I offered to give my child to no less than THREE strangers this weekend. So, I RELATE dahling!
Unfortunately, I DO remember when the hubby and I were without kids, and I do long for those days. Like this weekend, friends of ours (without kids) invited us to go hear a great rockabilly band and dance. Hubby nixed us going with because he didn’t want to be out until *gasp* 11 or 11:30.
Sometimes I feel like I’m forgetting how to be ME and how to just have fun, and that is a bit disturbing.
Kids are truly the tough part - I swear it’s what ruins most marriages! It’s so hard to be a good example ALL the time and try so hard to shape those little lives while still trying to figure out your own!
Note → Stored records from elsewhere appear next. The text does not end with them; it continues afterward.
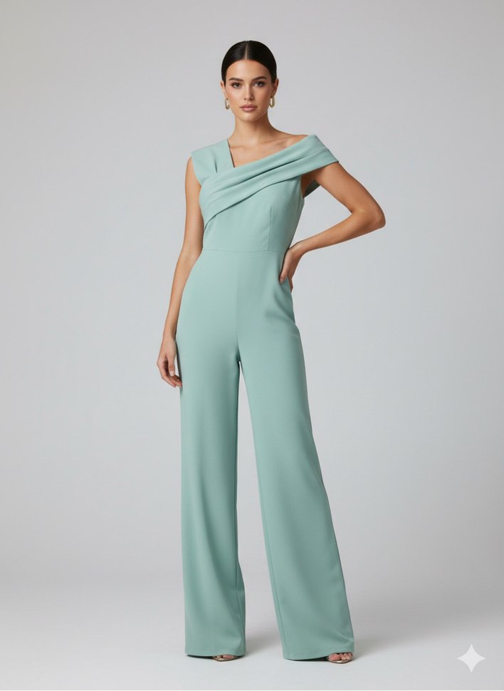 Turkuaz renkte, kolsuz V yakalı, uzun ve regular fit kesime sahip sentetik kumaştan tulum. Minimalist tarzda, düğünler için uygun. İki kol arası 47 cm Boy 157 cm Bel çizgisinden parça sonuna kadar boy 115 cm 40 bedendir Bir gece giyilmiş çok şık bir tulumdur
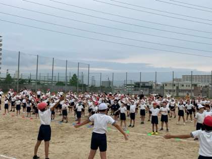 10月5日 1時間目、川辺大和川公園のグラウンドで、運動会の全体練習をしました。
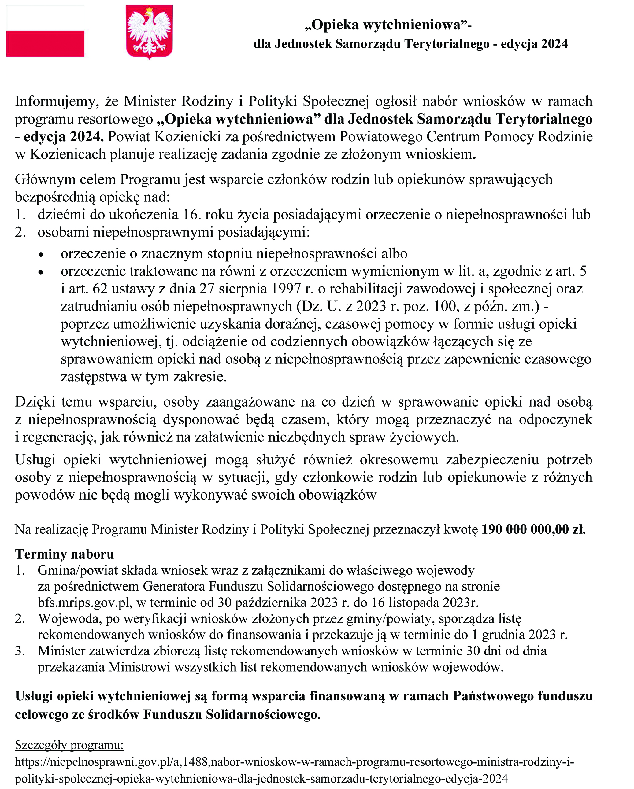 Informujemy, że Minister Rodziny i Polityki Społecznej ogłosił nabór wniosków w ramach programu resortowego „Opieka wytchnieniowa” dla Jednostek Samorządu Terytorialnego — edycja 2024. Powiat Kozienicki za pośrednictwem Powiatowego Centrum Pomocy Rodzinie w Kozienicach planuje realizację zadania zgodnie ze złożonym wnioskiem.
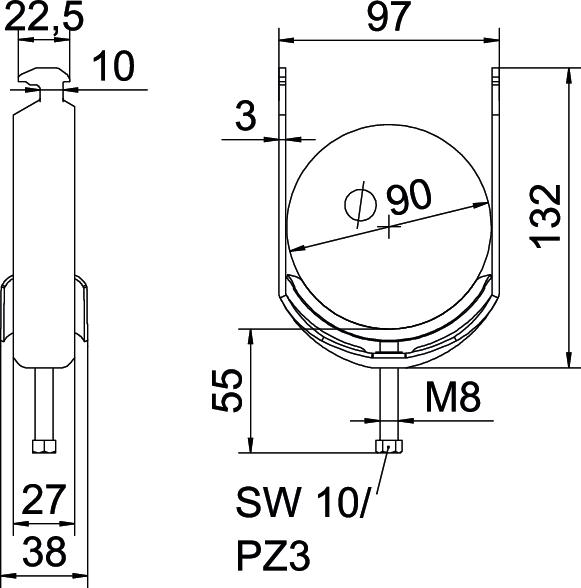 Clamp clip with hammerhead foot, metal pressure sleeve with rounded edges to protect the cable. For vertical and horizontal mounting of 1 single cable on a C-profile rail. For a slot width 16–17 mm. With 1-start screw thread on pressure sleeve, universal hexagonal screw head WAF10, with slot and cross recess. Suitable for assembly indoors and outdoors. The counter-sleeve must be ordered separately.

And yet… there are those perfect moments when it makes sense (for a moment). And we slog on… HANG IN SWEETIE!
AHH, the good old days. I too woke up one morning a few months ago with that same though. My 8 year old playing LOUDLY in her room a baby that was about to turn one, when and how did it happen? well, I know how, and when, but I just couldn’t believe that I am 29 with TWO lil ones. I know that without them I would get more sleep, but without them my family would be incomplete..
Great BLOG btw.
I’m wanting that body back too. I’m tired of the tummy roll.
They also never tell you that making time for the gym after having kids is a laugh too.
Yeah, and like, what the hell did we all do before the kids?
There are days when I wake up and feel like I am living some other woman’s life…
Man, I get that way already, with just one.
So I lock him in the closet and live it up, baby!
I woke up this morning, soaked in my two year olds pee and being trampled by my husband who sleeps like a loon, lost and confused. Then, I looked around and realized…that I was married—to a man who flopped like a fish in his sleep…with a child…who had peed on me during the night. Sometimes I wake up feeling lose, for sure. I enjoyed this post.
I watch my kids eat breakfast every morning and catch myself waiting for the real mother to show up. ‘cause I don’t feel like the real one. Just kind of the nanny sometimes. Maybe it’s the lack of sleep from the past 5 years talkin’?